The victims are set up and killed off one by one until Laura Stanhope, living in Beverly Hills, is one of the few still alive. With the help of Laura's chauffeur, Ursula tries to kill Laura's young son Bobby with both tainted candy and an explosive rubber ball, but is thwarted. Ursula follows Laura and Bobby as they flee by train, unaware that police sergeant Barry Clive is escorting them. After confronting Laura, and hypnotizing her into falling asleep, Ursula enters Bobby's room and is caught by Clive. She then flees to the back of the train and jumps to her death.

==Cast==
- Irene Dunne as Laura Stanhope
- Ricardo Cortez as Police Sergeant Barry Clive
- Jill Esmond as Jo Turner
- Myrna Loy as Ursula Georgi
- Mary Duncan as June Raskob
- Kay Johnson as Helen Dawson Frye
- Florence Eldridge as Grace Coombs
- C. Henry Gordon as Swami Yogadachi
- Peg Entwistle as Hazel Clay Cousins
- Harriet Hagman as May Raskob
- Edward Pawley as Burns, Laura's chauffeur
- Blanche Friderici as Miss Kirsten, headmistress
- Wally Albright as Bobby Stanhope
- Phyllis Fraser as Twelfth Woman (scenes deleted)
- Betty Furness as Thirteenth Woman (scenes deleted)
- Lloyd Ingraham as Inspector (uncredited)

==Production notes==
Thirteen Women features the only film appearance of actress Peg Entwistle. Entwistle became despondent over her career and jumped to her death from the Hollywood Sign on September 16, 1932. The film premiered in New York on October 15 (almost exactly a month after her suicide), and in Los Angeles in November. Entwistle had a supporting role in the original cut, with scenes running approximately sixteen minutes. After the film performed poorly for test audiences, her screen time was cut to four minutes.

The character played by Entwistle, that of Hazel Cousins, is a married woman in the film, who kills her husband and goes to prison. In the book, Hazel is a virgin who remains so simply because she is considered too beautiful; men are either too intimidated to approach her, assume she is married or engaged or believe that she will break their heart. Hazel eventually becomes a lesbian after she is seduced by the wife of the doctor treating her for tuberculosis, and starves herself to death in a sanitarium while suffering the heartache of having been abandoned by her lover Martha. In both the book and movie, May and June Raskob (played by Harriet Hagman and Mary Duncan) are twin sisters who work in a circus, but in the book they are overweight sideshow attractions rather than photogenic trapeze artists as in the film.

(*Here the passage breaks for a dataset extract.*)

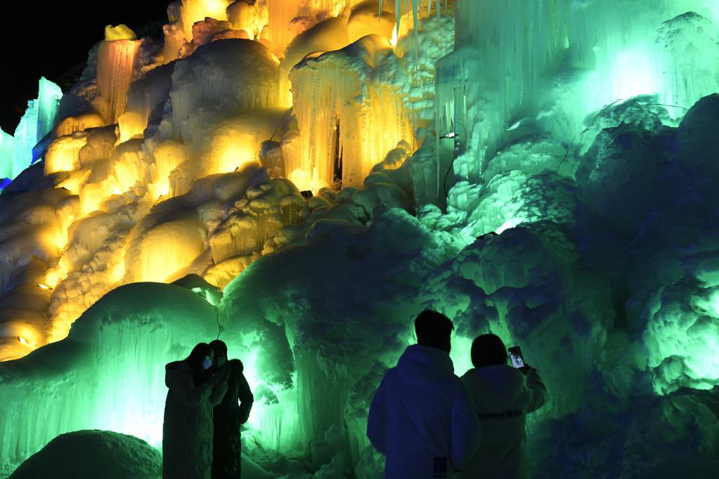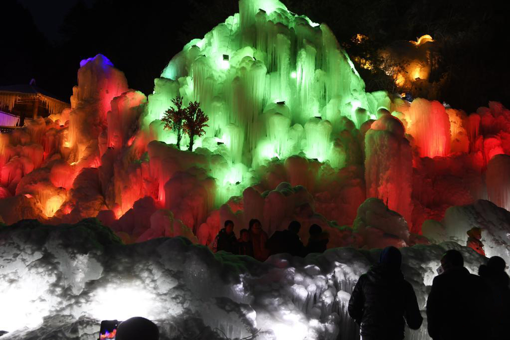 12月25日晚,游客在甘肃省大墩峡景区观赏冰瀑。

In this film, actor Edward J. Pawley received his first screen kiss (from Myrna Loy). He appeared in over 50 movies during his 10-year career in Hollywood, playing mostly "bad guy" roles.

==Home media==
On February 21, 2012, the 59-minute edit of Thirteen Women was released on manufactured-on-demand DVD through the Warner Archive Collection.